大衛輕輕吻著她。「你簡直太美了,艾瑪。」
她的額頭靠著他的肩膀。時間慢慢流逝,大衛靜靜地抱著她,他們的心臟以相同的節奏跳動著。他對艾瑪不曾食言。他抱著她,守護她進入夢鄉。
***
幾個小時後,艾瑪睜開眼睛。大衛仍穿著睡衣和浴袍,站在病房的窗前,臉上掛著冷峻的神情。黎明的曙光漸漸照亮天空,她聽到從病房鎖住的門外傳來的聲音,這預示著醫院忙碌的一天已經開始。
「你沒睡覺嗎?」他卻久久不答,她皺起眉頭。「大衛?」
「早安,寶貝兒。」
這冷酷的語調讓她警惕起來。她坐起來,把頭髮撩到背後。儘管她希望他倆之間什麼都好,但她看得出不對勁。她太敏感了,大衛就是這敏感的根源。
「今天天氣怎麼樣?」她問道。
大衛終於回過頭看著她。可他並沒有向她走過去,也沒有回答她。而他銳利的眼神比沉默更讓她感到不安。
「說話,大衛。別這樣不理我。不要來第二次了。」
她看見他緊緊握著拳頭,她能聽到他大口呼著氣,她越來越不安。她擔心他仍無法適應這突然的自由,她掀開被子,爬到床的另一端準備下床。

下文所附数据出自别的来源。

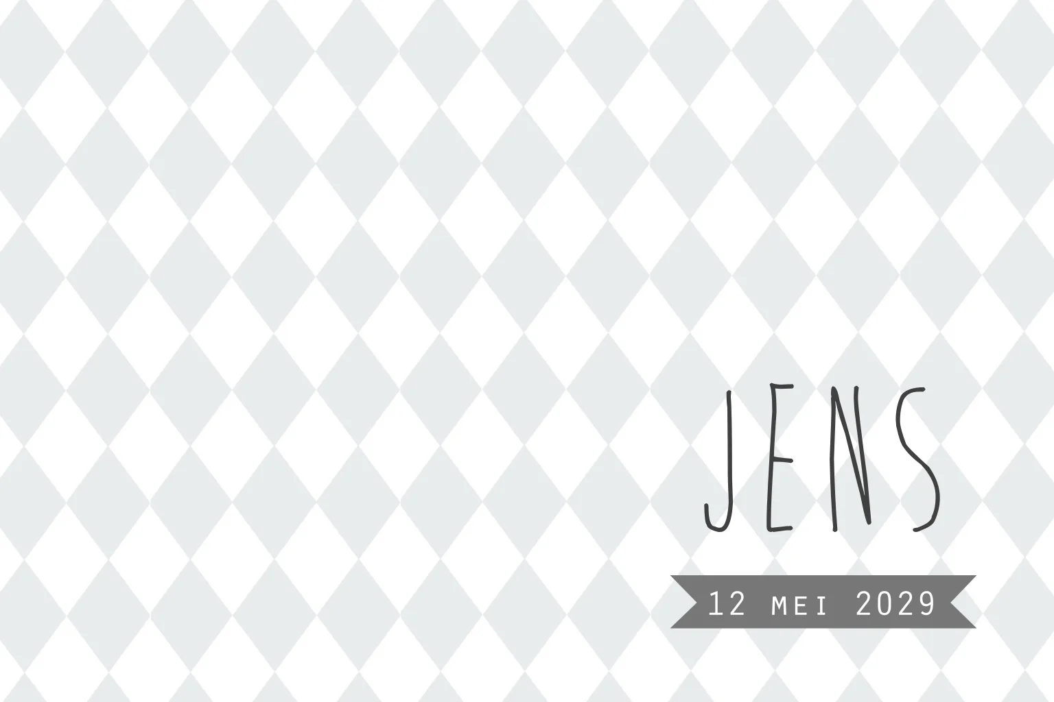 Een lief enkel geboortekaartje met een wieber ruit aan de voorkant. Pas de tekst en evt. de kleur aan!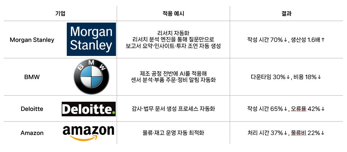 Morgan Stanley, Amazon 등의 글로벌 기업도 일부 부문에서 이러한 접근을 도입해 효과를 보고 있으며, 국내 기업 역시 이를 참고함으로써 반복 업무 자동화, 분석 효율 향상, 의사결정 지원 고도화와 같은 변화를 기대해볼 수 있습니다.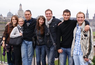 Зліва направо: Ольга Діденко, Катерина Протасова, професор Олексій Джусов, Олена Мавропуло, Дмитро Бібіков, Володимир Каменський і німецький студент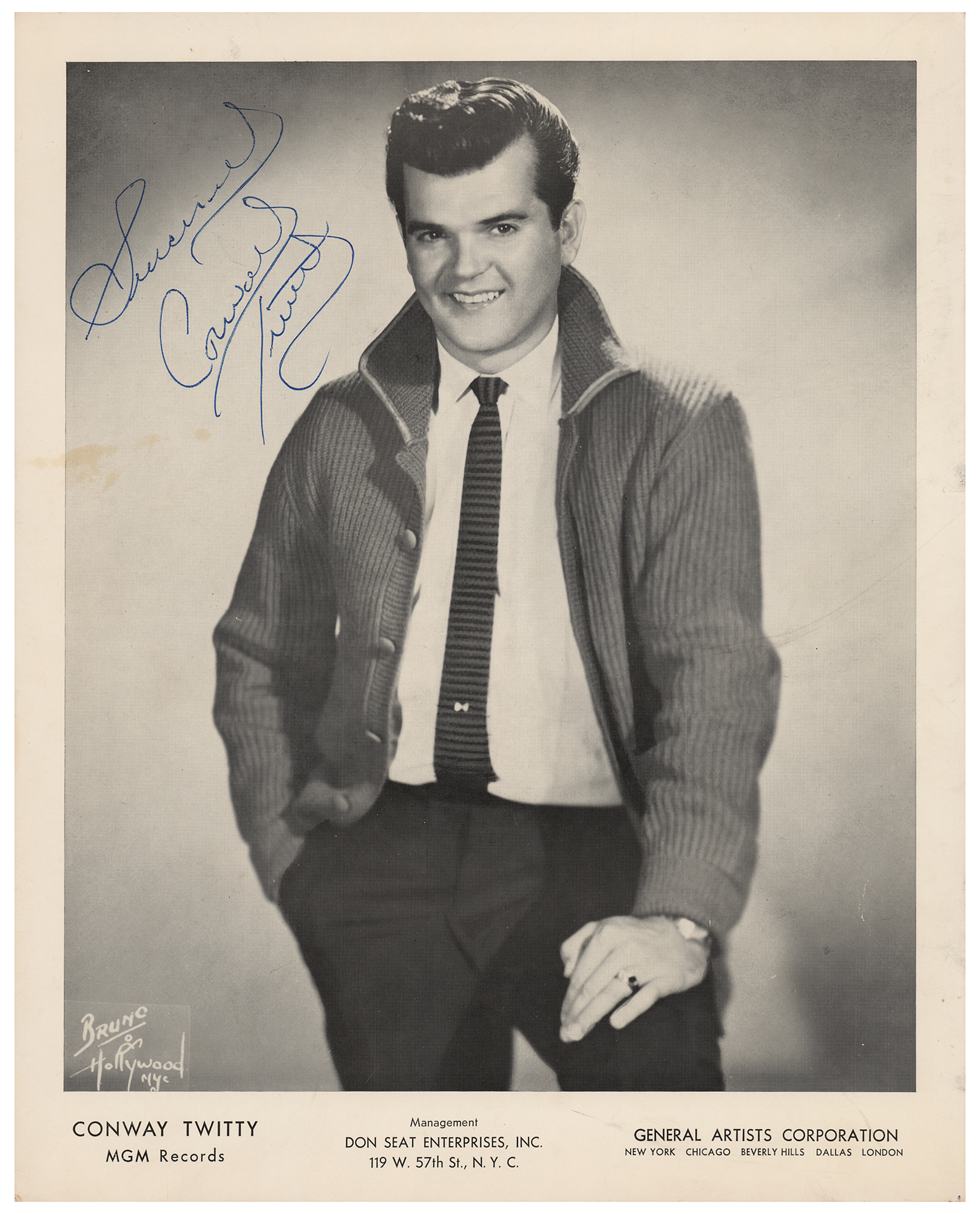 Vintage 8 x 10 MGM Records cardstock photo, signed in blue ballpoint, "Sincerely, Conway Twitty." In fine condition, with some light stains to the left background area.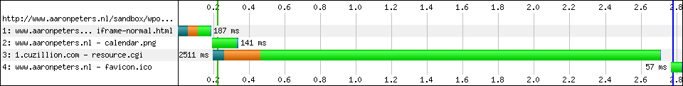 IE8 repeat view (note: my HTML is cached for 10 minutes, so only iframe content is reloaded). Click image for a bigger version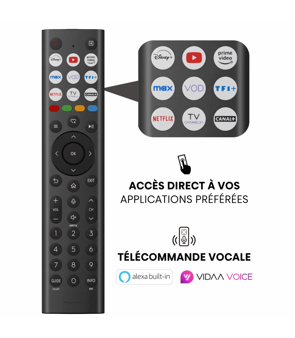 Doté du système Smart TV VIDAA, l’interface propose une navigation rapide, des menus clairs et un accès immédiat aux principales plateformes de streaming. La personnalisation de l’écran d’accueil et la recherche simplifiée offrent une expérience fluide, tandis que les mises à jour assurent la pérennité des services. Le contrôle vocal et la compatibilité avec les écosystèmes de la maison connectée facilitent l’usage quotidien.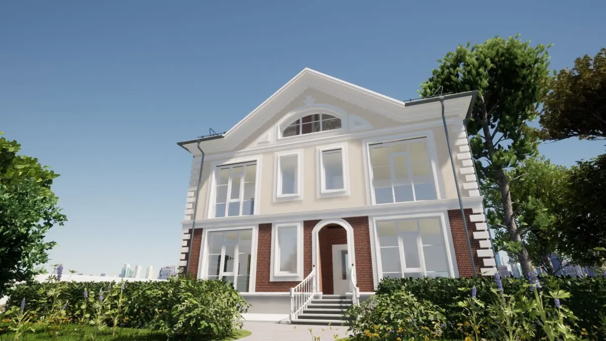 A two-storey residential cottage made of brick with a sloped wooden roof. This is a project completed in Revit version 2020.Ground Floor level contains an office room, a kitchen, a gym, a common room, a toilet and a bathroom. There is also a staircase in top left side of the building leading to the First floor. On the first floor there are three bedrooms, a nursery room, a bathroom and a dressing room. All rooms have large windows making the house bright inside.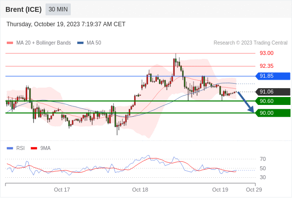 布伦特原油 (ICE)? (Z3)? 当日内: 短期关键阻力位在91.85。

「別靠近了,」他命令道,「我得告訴你一件事,不能再拖下去了。」
她感到一陣涼意,甚至一度有些畏縮。她挺直身板,她的自尊讓她抑制住那股強烈的再次失去他的恐懼。「我聽著呢。」
「走出這個房間,我就再也不會回來了。今天上午我就得離開,去華盛頓。」
她笑了,她感到釋懷。「我明白。可能你還有一大堆報告要做。我們可以……」
「艾瑪!」他打斷她,「聽我說。你覺得你愛我,但你自己也不確定自己的感覺。尤其是在發生了那些事以後。」
她感到很震驚,爭辯道:「我真的愛你。你怎麼能覺得我不知道自己的感覺?」
他搖搖頭,悲傷刻在他的臉上,他的眼睛失去光彩。「你覺得你愛我,」他說道,「可一旦迴歸正常的生活,恐怕我就只是一段你不願回想的往事。在咱們的境遇裡,我們倆的情況可能發生在任何情侶身上。那時我們的確彼此需要,我們是彼此的救命繩索。是的,咱們彼此關心,但那源於咱們的情況還有那不斷的折磨和死亡的威脅。你所堅信的那種你對我的感覺註定會改變,為在這地獄般的三週裡建立的感情做出承諾會是個錯誤……一個我不希望你犯的錯誤。」
「我曾如此信任你,大衛。」她難以控制地用譴責的口吻說道。